#### [Exercise requirements]
Print the data that follows word for word, leaving out any picture.
START Listed records
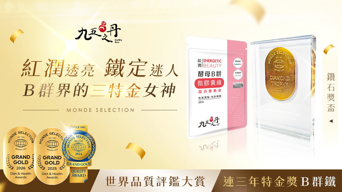 2026年,九五之丹「紅潤.酵母B群+微膠囊鐵」憑藉連三年奪下特金獎的卓越表現,正式摘下這座鑽石桂冠。這座獎盃不僅是榮耀,更代表我們對原料選擇、製程控管的堅持,始終如一。
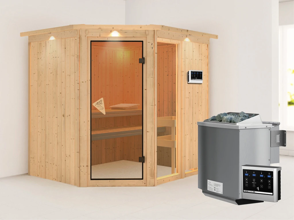 Diese Innensauna wird einschließlich Saunaofen mit externer Steuerung geliefert. Die Anbringung an der Außenseite der Sauna ermöglicht eine praktische Bedienung vor dem Saunieren und eine noch exaktere Einstellung der Temperatur. Weitere elektrische Geräte, wie eine Kabinenbeleuchtung, können ebenso an die externe Steuerung angeschlossen und mit dieser bedient werden.
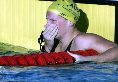 2005年7月29日,澳大利亚选手琼斯打破纪录后喜极而泣。当日,琼斯在加拿大蒙特利尔举行的第十一届世界游泳锦标赛女子200米蛙泳决赛中,以2分21秒72的成绩夺得冠军,并打破了世界纪录。 新华社记者李岳摄
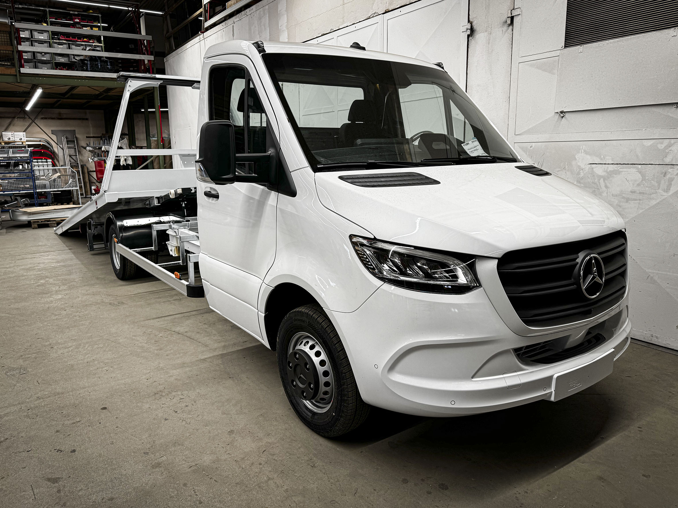 Wir haben einen Verschiebeplateau-Aufbau zum Autotransport auf einem Mercedes Sprinter Fahrgestell fertiggestellt und stehen kurz vor der Übergabe an unseren Kunden. Heute machen wir noch ein Video und ein paar
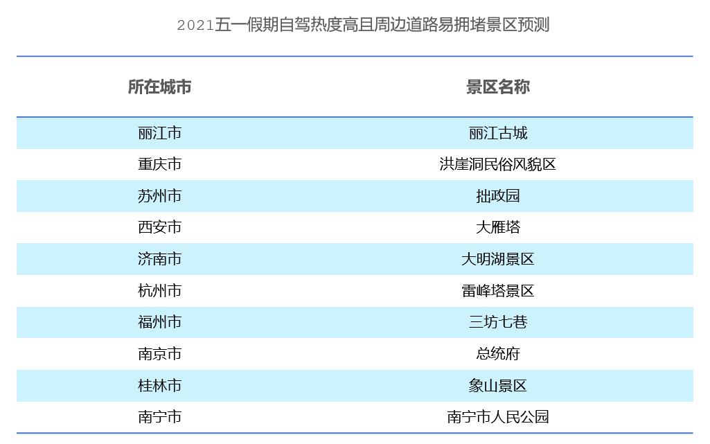 出游之际,景区周边路况也是游客关心的内容。报告预测,丽江古城、洪崖洞民宿风貌区和拙政园,将成为五一假期自驾热度高且周边道路易拥堵的景区前三名。高德地图建议游客尽量提前做好停车规划或选择打车和公共交通出行。
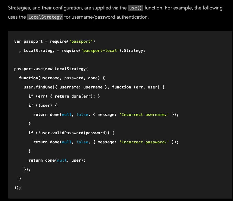 아래는 사용자 인증방식의 strategy를 구현한 모습이다. 이걸 createStrategy로 간편히 사용한것
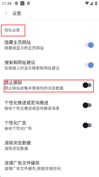 6、在设置界面的“隐私设置”板块,还可以开启“禁止跟踪”功能,用于保护用户的隐私安全。
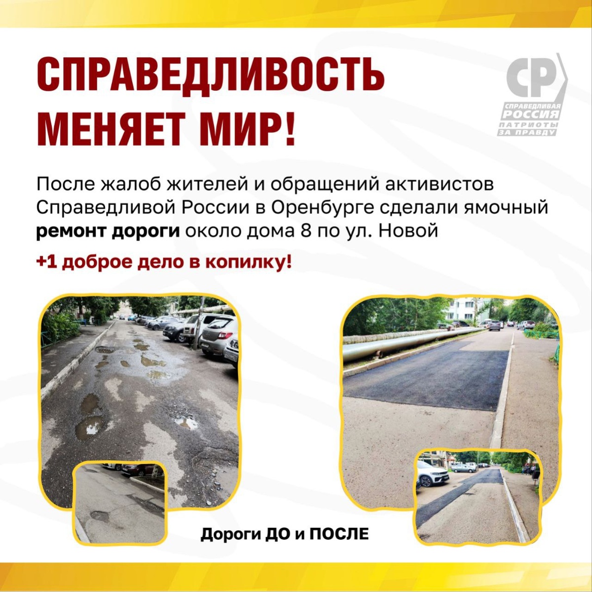 💪 Справедливость меняет мир! В Оренбурге сделали ямочный ремонт во дворе дома 8 по улице Новой Работу выполнили после жалоб оренбуржцев и обращений активистов Справедливой России. По словам жителей, долгое время дорогу не ремонтировали, а прошлый ремонт был выполнен некачественно: асфальт быстро расползся, дорога покрылась выбоинами. После дождя — «лотерея» — что попадётся в очередной луже? Вместе с жителями справедливоросы подготовили серию запросов и обратились в администрацию города. На днях дорогу около дома 8 по улице Новой частично отремонтировали. Работаем!
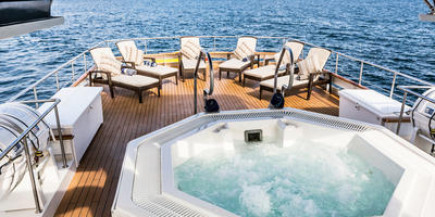 - The sundeck boasts comfortable chaise lounges and spa pool tub, perfect for enjoying the spectacular ocean views as you cruise.
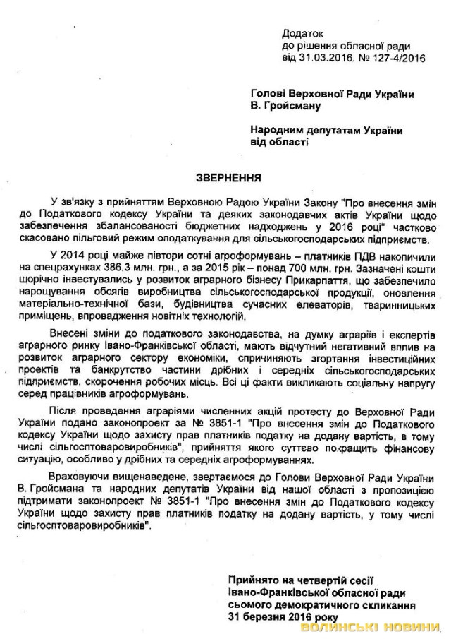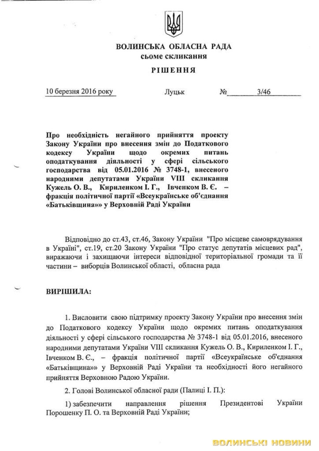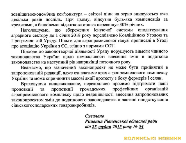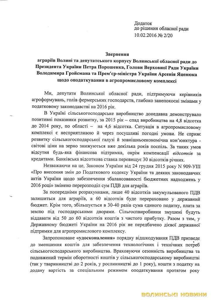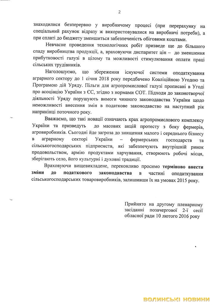 У лютому 2016 року депутати Волинської обласної ради прийняли звернення до Верховної ради України та Кабінету Міністрів з проханням внести зміни до податкового кодексу в частині підтримки аграрного бізнесу. Але відповідь на це звернення на Волинь досі не надійшла.А у квітні до Волинської обласної ради надійшли аналогічні звернення від Рівненської та Івано-Франківської обласних рад, які просять їх підтримати. Регіони, в яких значна частина виробників працюють в аграрному секторі, відверто непокояться. Тож на чергове засідання сесії облради винесені проекти рішень щодо підтримки згаданих звернень. Адже нинішній податковий кодекс, якщо його не змінити, зажене у тінь агарний бізнес.
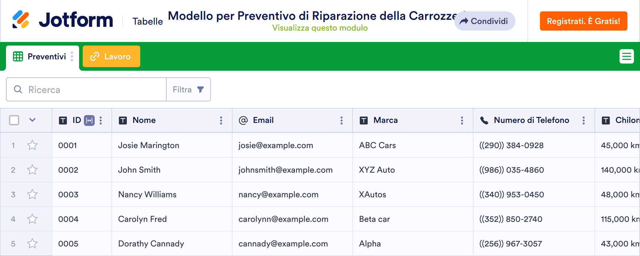 Se desideri personalizzare l'aspetto di questo Modello per Preventivo di Riparazione della Carrozzeria aggiornando righe o colonne, modificando i nomi e i colori delle etichette o aggiungendo nuove schede per organizzare le informazioni in un modo diverso, fallo in un paio di clic con la nostra semplice interfaccia facile da usare. E se desideri sommare i totali, puoi utilizzare la nostra funzione di calcolo per farlo automaticamente, senza bisogno di eseguirli manualmente! Indipendentemente dalle dimensioni della tua officina, puoi tenere traccia dei preventivi di riparazione auto dei clienti e gestirli online con questo Modello per Preventivo di Riparazione della Carrozzeria gratuito.
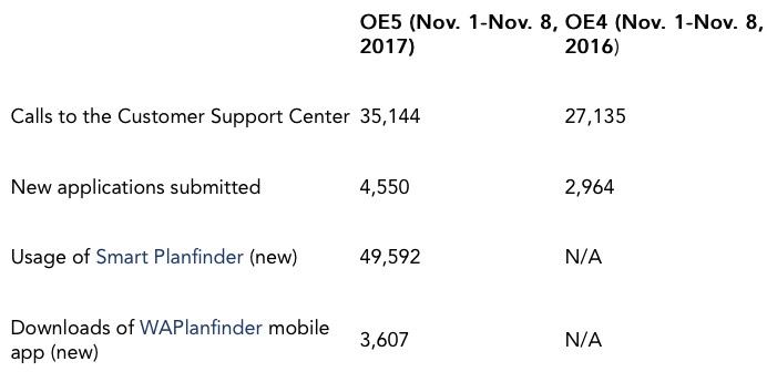 “We are very pleased to see this level of interest so early in open enrollment,” said Pam MacEwan, CEO of the Washington Health Benefit Exchange. “As with every new plan year, people need to review their health insurance options, and Washington Healthplanfinder is the most trusted place for Washingtonians to shop for and compare available plans. Many of our customers will qualify for tax credits that can lower the cost of coverage.”
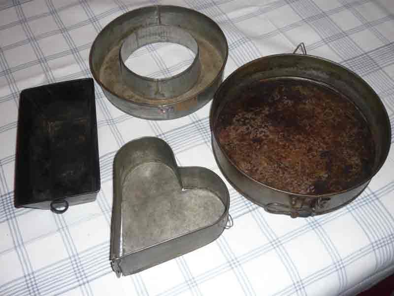 Also die gezeigten Backformen wurden ehemals aus verzinnten Stahlblech sogenanntes Weißblech gefertigt. Zinn ist lebensmittelunbedenklich und nicht zu verwechseln mit Blei. Aber selbst Stahlblech würde sicherlich nicht rosten da sich im laufe der Zeit aus Fett und Hitze eine Schicht aus Ölkohle bildet welche das Eisen schützt. Der gleiche Efekt tritt bei einer geschmiedeten eisernen Pfanne auf.Ebenso werden heute noch die kleinen Ausstechförmchen für Kekse aus Weißblech gefertigt. Diese Form stammt aus der Kaiserzeit und ist über 100 Jahre alt
END Listed records
#### [Exercise response]
 2026年,九五之丹「紅潤.酵母B群+微膠囊鐵」憑藉連三年奪下特金獎的卓越表現,正式摘下這座鑽石桂冠。這座獎盃不僅是榮耀,更代表我們對原料選擇、製程控管的堅持,始終如一。
 Diese Innensauna wird einschließlich Saunaofen mit externer Steuerung geliefert. Die Anbringung an der Außenseite der Sauna ermöglicht eine praktische Bedienung vor dem Saunieren und eine noch exaktere Einstellung der Temperatur. Weitere elektrische Geräte, wie eine Kabinenbeleuchtung, können ebenso an die externe Steuerung angeschlossen und mit dieser bedient werden.
 2005年7月29日,澳大利亚选手琼斯打破纪录后喜极而泣。当日,琼斯在加拿大蒙特利尔举行的第十一届世界游泳锦标赛女子200米蛙泳决赛中,以2分21秒72的成绩夺得冠军,并打破了世界纪录。 新华社记者李岳摄
 Wir haben einen Verschiebeplateau-Aufbau zum Autotransport auf einem Mercedes Sprinter Fahrgestell fertiggestellt und stehen kurz vor der Übergabe an unseren Kunden. Heute machen wir noch ein Video und ein paar
 出游之际,景区周边路况也是游客关心的内容。报告预测,丽江古城、洪崖洞民宿风貌区和拙政园,将成为五一假期自驾热度高且周边道路易拥堵的景区前三名。高德地图建议游客尽量提前做好停车规划或选择打车和公共交通出行。
 아래는 사용자 인증방식의 strategy를 구현한 모습이다. 이걸 createStrategy로 간편히 사용한것
 6、在设置界面的“隐私设置”板块,还可以开启“禁止跟踪”功能,用于保护用户的隐私安全。
 💪 Справедливость меняет мир! В Оренбурге сделали ямочный ремонт во дворе дома 8 по улице Новой Работу выполнили после жалоб оренбуржцев и обращений активистов Справедливой России. По словам жителей, долгое время дорогу не ремонтировали, а прошлый ремонт был выполнен некачественно: асфальт быстро расползся, дорога покрылась выбоинами. После дождя — «лотерея» — что попадётся в очередной луже? Вместе с жителями справедливоросы подготовили серию запросов и обратились в администрацию города. На днях дорогу около дома 8 по улице Новой частично отремонтировали. Работаем!
 - The sundeck boasts comfortable chaise lounges and spa pool tub, perfect for enjoying the spectacular ocean views as you cruise.
 У лютому 2016 року депутати Волинської обласної ради прийняли звернення до Верховної ради України та Кабінету Міністрів з проханням внести зміни до податкового кодексу в частині підтримки аграрного бізнесу. Але відповідь на це звернення на Волинь досі не надійшла.А у квітні до Волинської обласної ради надійшли аналогічні звернення від Рівненської та Івано-Франківської обласних рад, які просять їх підтримати. Регіони, в яких значна частина виробників працюють в аграрному секторі, відверто непокояться. Тож на чергове засідання сесії облради винесені проекти рішень щодо підтримки згаданих звернень. Адже нинішній податковий кодекс, якщо його не змінити, зажене у тінь агарний бізнес.
 Se desideri personalizzare l'aspetto di questo Modello per Preventivo di Riparazione della Carrozzeria aggiornando righe o colonne, modificando i nomi e i colori delle etichette o aggiungendo nuove schede per organizzare le informazioni in un modo diverso, fallo in un paio di clic con la nostra semplice interfaccia facile da usare. E se desideri sommare i totali, puoi utilizzare la nostra funzione di calcolo per farlo automaticamente, senza bisogno di eseguirli manualmente! Indipendentemente dalle dimensioni della tua officina, puoi tenere traccia dei preventivi di riparazione auto dei clienti e gestirli online con questo Modello per Preventivo di Riparazione della Carrozzeria gratuito.
 “We are very pleased to see this level of interest so early in open enrollment,” said Pam MacEwan, CEO of the Washington Health Benefit Exchange. “As with every new plan year, people need to review their health insurance options, and Washington Healthplanfinder is the most trusted place for Washingtonians to shop for and compare available plans. Many of our customers will qualify for tax credits that can lower the cost of coverage.”
 Also die gezeigten Backformen wurden ehemals aus verzinnten Stahlblech sogenanntes Weißblech gefertigt. Zinn ist lebensmittelunbedenklich und nicht zu verwechseln mit Blei. Aber selbst Stahlblech würde sicherlich nicht rosten da sich im laufe der Zeit aus Fett und Hitze eine Schicht aus Ölkohle bildet welche das Eisen schützt. Der gleiche Efekt tritt bei einer geschmiedeten eisernen Pfanne auf.Ebenso werden heute noch die kleinen Ausstechförmchen für Kekse aus Weißblech gefertigt. Diese Form stammt aus der Kaiserzeit und ist über 100 Jahre alt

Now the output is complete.